Voici ce que Samba AD ne couvre pas encore de façon production-ready :

  • Active Directory Federation Services (ADFS)
  • Azure AD Connect et synchronisation hybride
  • Niveaux fonctionnels 2016, 2019 et 2022
  • ADCS complet avec autorité de certification d’entreprise hiérarchique
  • Support téléphonique commercial (dépendance à la communauté ou à des prestataires spécialisés)

Pour des environnements avec 500 postes Windows, plusieurs sites géographiques et une équipe IT habituée aux outils Microsoft, Windows Server reste plus adapté. Le choix de Samba AD n’est pas une question d’idéologie open source, c’est une question d’adéquation avec vos contraintes réelles.

Samba 4 AD DC s’impose comme une alternative sérieuse pour les infrastructures Linux

En 2025-2026, Samba 4 AD DC est un choix pertinent pour des profils précis. Les TPE avec un parc majoritairement Linux, les laboratoires de recherche, les environnements de développement et les organisations qui doivent justifier leur conformité NIST 800-171 sans budget Windows Server – tous ces cas trouvent dans Samba AD une réponse technique solide et maintenue, à condition de ne pas avoir besoin des fonctionnalités avancées listées ci-dessus.

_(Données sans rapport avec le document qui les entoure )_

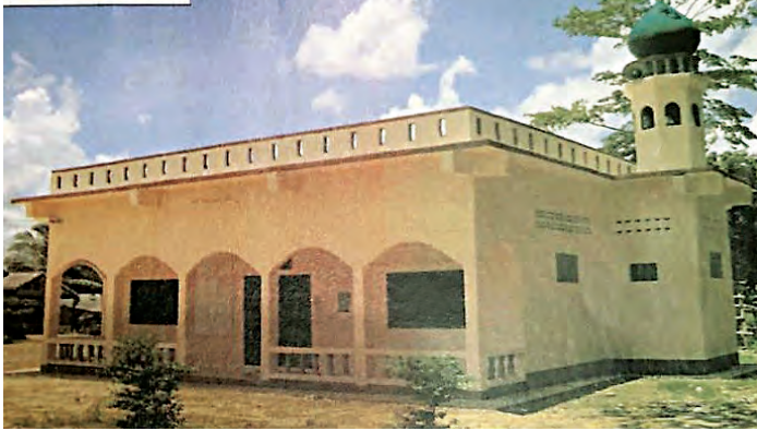
مسجد أ.د. عباس محمد رفيع معرفي رقم ٤٥٥٧ في الصين - تنفيذ الرحمة العالمية - الكويت

٢- مسجد عباس محمد رفيع معرفي - مشروع رقم ٤٥٥٧ - في الصين.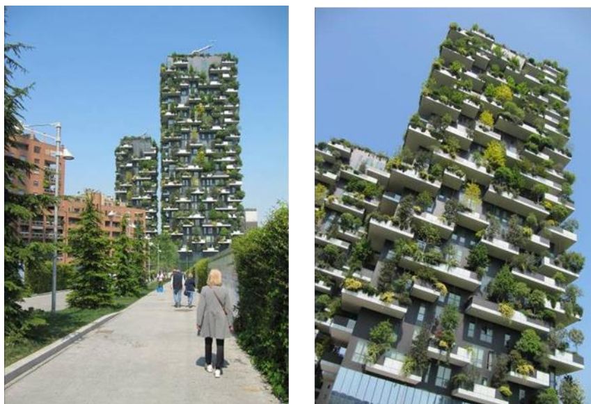
Figure 1 et 2 : Bosco verticale, Milan (Italie) avril 2017

expériences et professions leur permettant de voir, apercevoir et interpréter ensemble la ville d'une manière compréhensive, globale.

La version 4.24.0 publiée en mars 2026 montre que le projet reste actif. Le SambaWiki documente chaque fonctionnalité en détail, et samba-tool couvre la quasi-totalité des opérations d’administration courantes : création d’utilisateurs et groupes, gestion des GPO, diagnostic DNS, réplication DC. Pour un administrateur à l’aise avec la ligne de commande, c’est un terrain connu.

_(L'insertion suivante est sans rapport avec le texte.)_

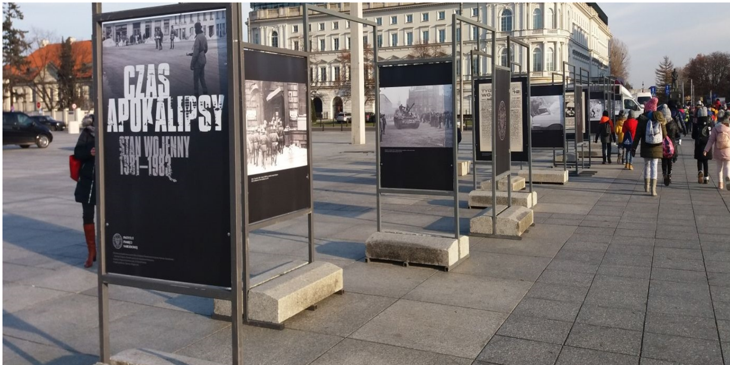
Wystawa IPN „Czas apokalipsy. Stan wojenny 1981-1983” - Warszawa, 12-19 grudnia 2019

https://przystanekhistoria.pl/pa2/tematy/stan-wojenny/60849,Najmlodszy-internowany-stanu-wojennego-jest-dzisiaj-historykiem-IPN.html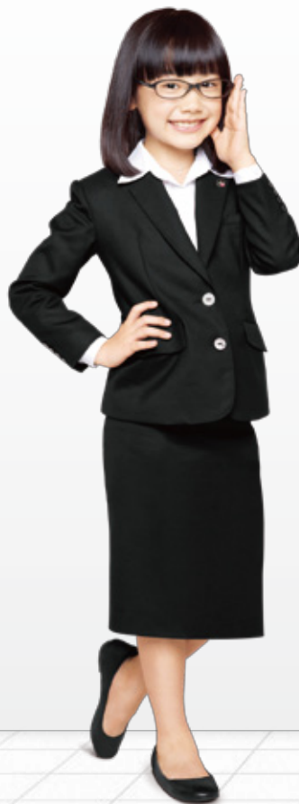
サンヨーホームズ イメージキャラクター 芦田愛菜

開校趣旨： 今後、建築業界では大工 等の建築技能者が少なくな っていきます。 当社は、人材の教育や次 代を担う若い技能者の育 成を行います。

Vous n’avez pas à choisir entre « tout Microsoft » et « tout Samba » : de nombreuses infrastructures hybrides font coexister un DC Samba avec des serveurs Windows membres du domaine, ou l’inverse. C’est précisément cette flexibilité qui fait de Samba active directory 4 une pièce crédible dans une infrastructure hétérogène.

Un contrôleur de domaine libre qui tient sa promesse depuis plus de dix ans – c’est rare enough pour mériter qu’on lui donne une vraie chance.